→ YOUR INSTRUCTIONS
Everything from the line with "Blusa feminina, confeccionada" to the line with "一技能:纯净声源:一定的伤害,攒一个切分音,为自动技能减少40%的CD,可以叠加三次。 二技能: 自动技能" in the listing below, both lines included, needs to be copied exactly, apart from the pictures.

START RECORDS TO USE

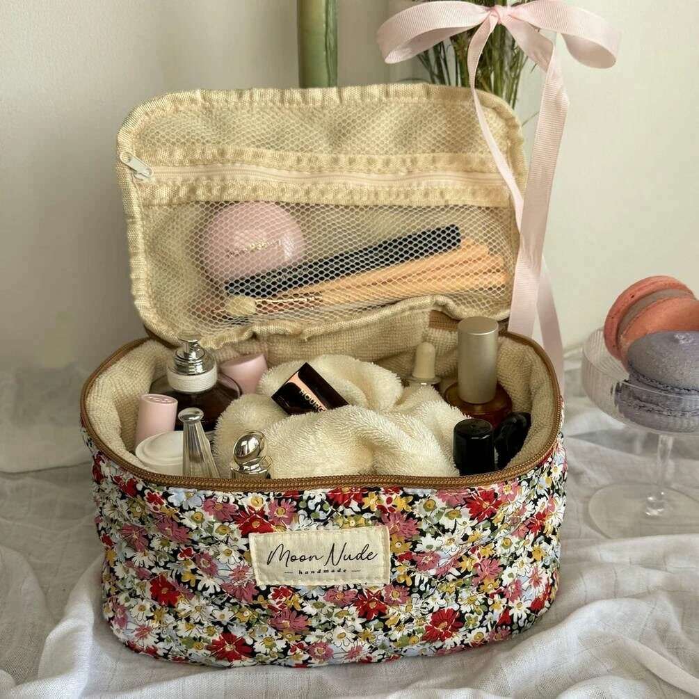 Perfekt til kvinder er denne Moon Nude rød/pink/hvid efterårsvaskepose, den er også lavet af 100% bomuld. Den måler 16 cm (højde) x 22 cm (bredde) x 14 cm (dybde). Det anbefales at vaske i hånden i koldt vand med et mildt rengøringsmiddel, eller maskinvask med vrangen ud på en skånsom cyklus. for at holde denne taske i god stand. Alle taskerne kommer komplet med moon nude emballage. Moon Nude Autumn Vanity Bag - Rød/Pink/Hvid er en absolut nødvendighed til rejser eller hverdagsbrug. Denne vasketøjstaske holder med garanti al din makeup eller hudpleje ét sted, samtidig med at den er stilfuld og moderigtig med sit håndlavede quiltede design.
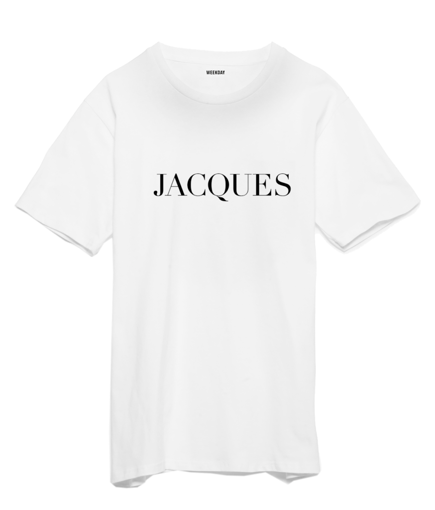 WEEKDAY fait un hommage à notre cher ancien président Jacques Chirac ainsi qu’à tous les Jacques de ce monde. Le t shirt en version blanche ou noire est disponible dès maintenant à faire flocker sur place à la boutique du 121 rue Vieille du Temple, 75003.
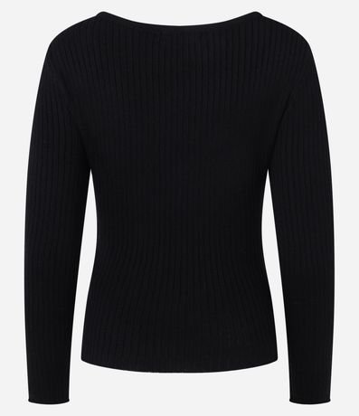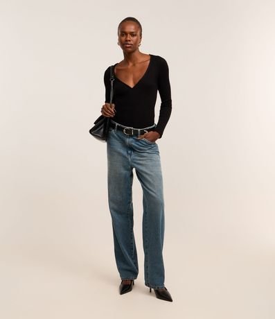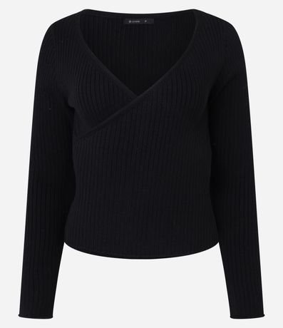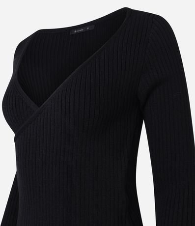 Blusa feminina, confeccionada em viscose, com decote V transpassado e mangas longas.
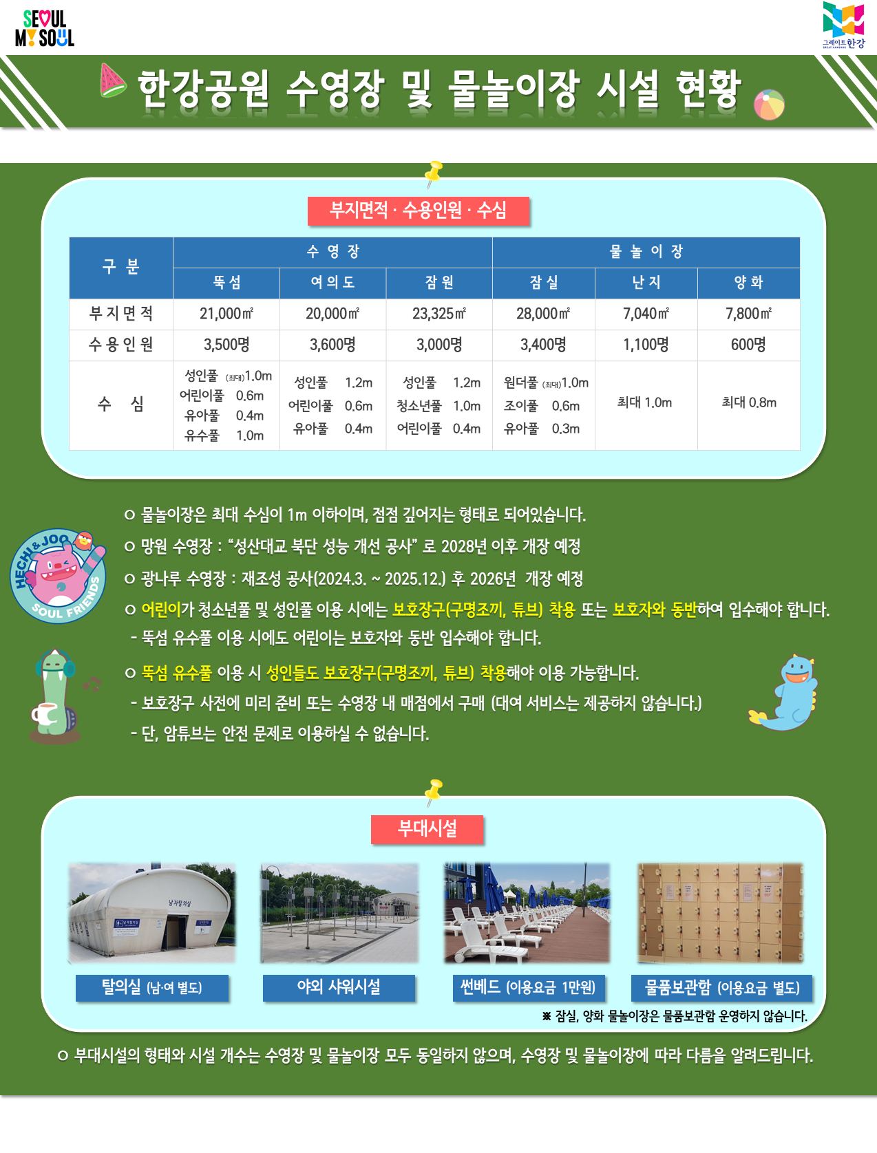 더 많은 한강공원 수영장/물놀이장 정보는 한강사업본부 공식 홈페이지에서 확인하실 수 있습니다.
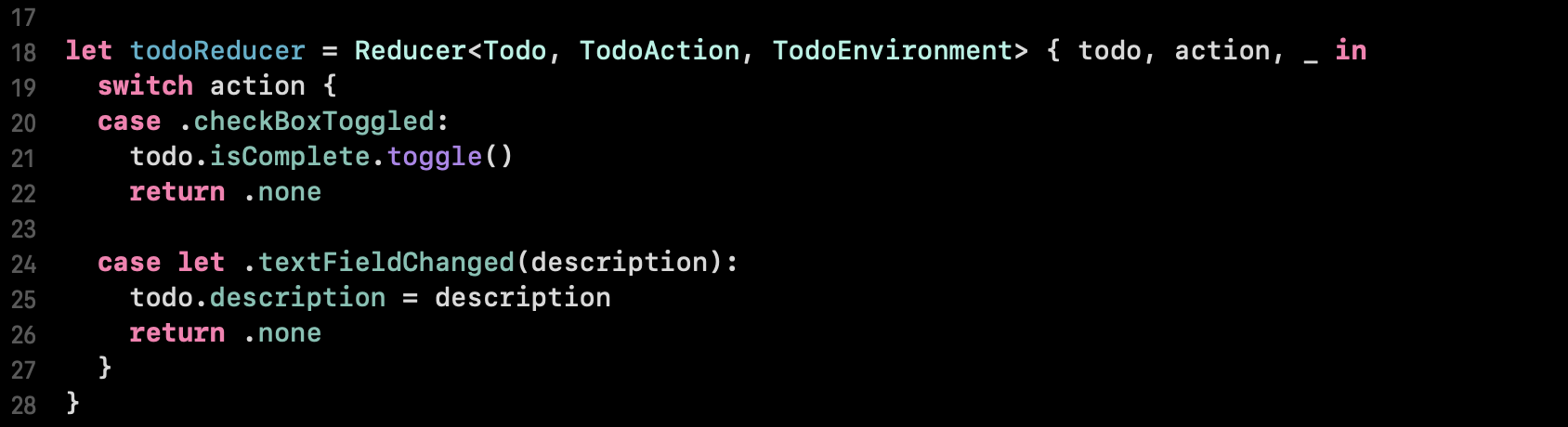 Todo앱의 State, Action에 따라 변경될 Todo(State), TodoAction(Action), TodoEnvironment(Environment)인자와 그 인자 값에 맞게 실행 될 코드, 반환 될 Effect 등이 정의되어있습니다. 위 코드 의 경우, 모든 케이스에서 특정 Effect로 .none을 반환하고 있는데, 이는 이후 추가 Action을 필요로 하지 않을때 반환할 수 있습니다. 만약 추가 Action 수행이 필요한 경우, 해당 Action case를 value로 갖는 Effect를 반환하여 추가로 Action을 수행하게 됩니다.
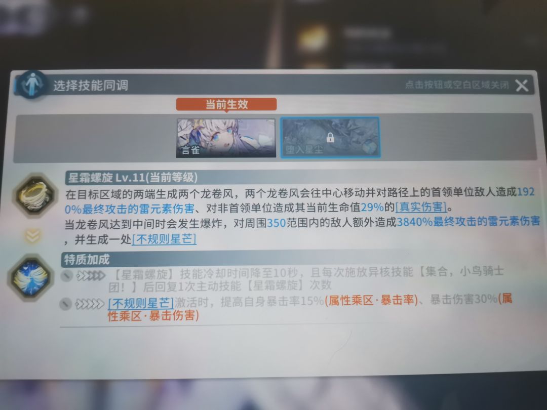 先上暴论:从强度看,给玄戈还债了。 一、队长技能: 三角充能-老生常谈, 水陷抗涣-60%的减抗,多了短暂的迟滞和定身效果,这个更像辅助技能,降低目标70%移速(5秒)和3秒定身,高压环境下,降低操作难度。斗胆预测下一个合计战boss可以移动速度很快和上debuff效果会很严重 二、战斗技能 一技能:纯净声源:一定的伤害,攒一个切分音,为自动技能减少40%的CD,可以叠加三次。 二技能: 自动技能
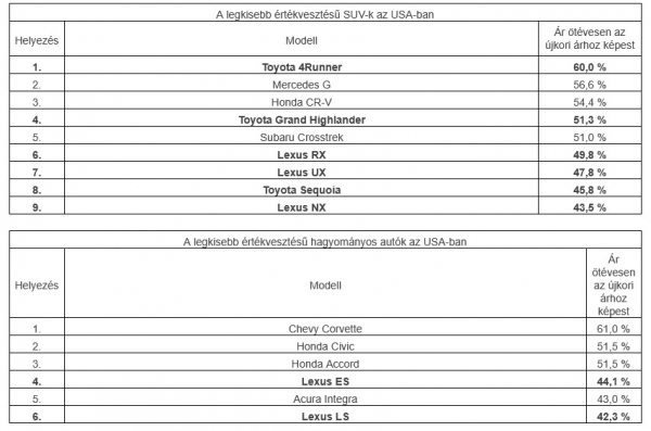 Mivel Amerika az SUV-k és a platós kisteherautók birodalma, ezért a legértékállóbb kocsik a Toyota szabadidő-autói, hiszen strapabírók és megbízhatók: a Tacoma, Tundra és 4Runner az első négyben szerepel. Egyedül a Chevy Corvette férkőzött be a második helyre (ami annak tudható be, hogy az ikonikus amerikai modell minden korosztály szívéhez közel áll, azaz használtan is jól eladható). Ez a négy autó tudott csak legalább 60%-os értéktartást elérni ötévnyi használat után. Ennél fogva a SUV-ok kategóriáját a 4Runner vezeti, de a Top10-be befért még a Toyota Grand Highlander, Sequoia, a Lexustól pedig az RX, NX és az UX is. Ami a hagyományos személyautókat illeti, a Lexus vitézkedett az ES-szel és a zászlóshajó LS-szel. Utóbbi már csak azért is jól tartja az árát, mert hamarosan leáll a gyártása, s így az utánpótlás megszűnésével a használtpiacon is egyre ritkább lesz a modell.
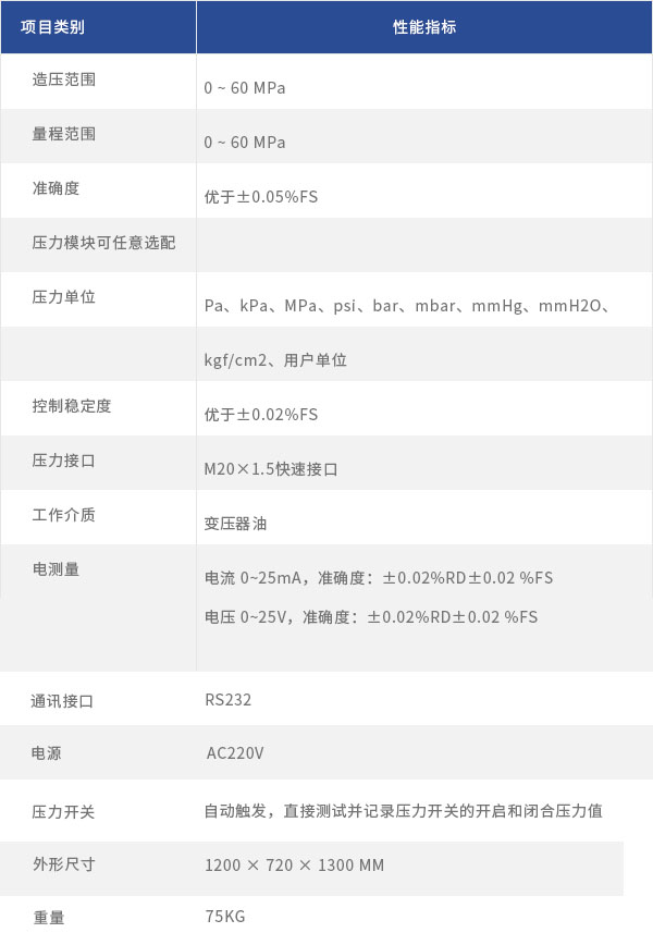 SP100H全自動液壓校驗裝置是我公司最新一代壓力校驗設備,由全自動造壓系統、精密壓力控制單元、高精度數字式壓力模塊和壓力校驗管理軟件組成,可實現對指針式普通(精密)壓力表、數字式壓力計、壓力變送器、壓力開關、壓力調節閥等壓力類儀表的全自動校驗,自動數據采集、計算和處理,生成符合國家檢定規程的校驗記錄及證書,適用于電力、石化、冶金、國防軍工、航空航天、制藥及計量部門等各種行業。
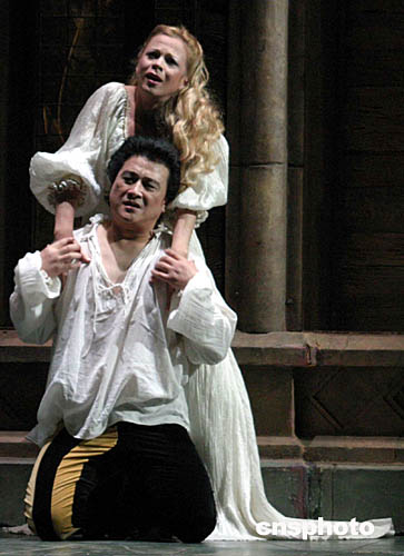 图为中国男高音张建一和法国籍女高音茵娃·慕拉在十月十二日的彩排中。
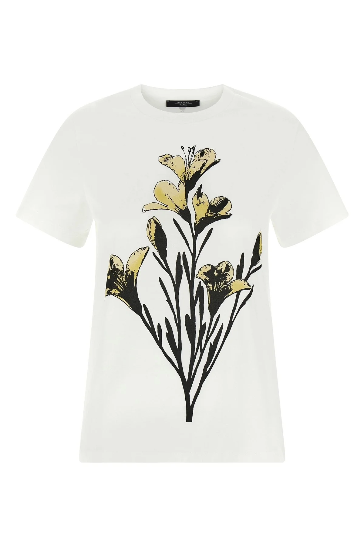 cod. 2525976031600006 'Guglia' cotton jersey T-shirt with print at the back and on sleeves, crew neck, short sleeves. SUSTAINABLE: This product is made of organic cotton. Color: White Size & Fit: true to size fit Composition: 100% cotton Made in: Bulgaria

END RECORDS TO USE

→ RESPONSE AREA
 Blusa feminina, confeccionada em viscose, com decote V transpassado e mangas longas.
 더 많은 한강공원 수영장/물놀이장 정보는 한강사업본부 공식 홈페이지에서 확인하실 수 있습니다.
 Todo앱의 State, Action에 따라 변경될 Todo(State), TodoAction(Action), TodoEnvironment(Environment)인자와 그 인자 값에 맞게 실행 될 코드, 반환 될 Effect 등이 정의되어있습니다. 위 코드 의 경우, 모든 케이스에서 특정 Effect로 .none을 반환하고 있는데, 이는 이후 추가 Action을 필요로 하지 않을때 반환할 수 있습니다. 만약 추가 Action 수행이 필요한 경우, 해당 Action case를 value로 갖는 Effect를 반환하여 추가로 Action을 수행하게 됩니다.
 先上暴论:从强度看,给玄戈还债了。 一、队长技能: 三角充能-老生常谈, 水陷抗涣-60%的减抗,多了短暂的迟滞和定身效果,这个更像辅助技能,降低目标70%移速(5秒)和3秒定身,高压环境下,降低操作难度。斗胆预测下一个合计战boss可以移动速度很快和上debuff效果会很严重 二、战斗技能 一技能:纯净声源:一定的伤害,攒一个切分音,为自动技能减少40%的CD,可以叠加三次。 二技能: 自动技能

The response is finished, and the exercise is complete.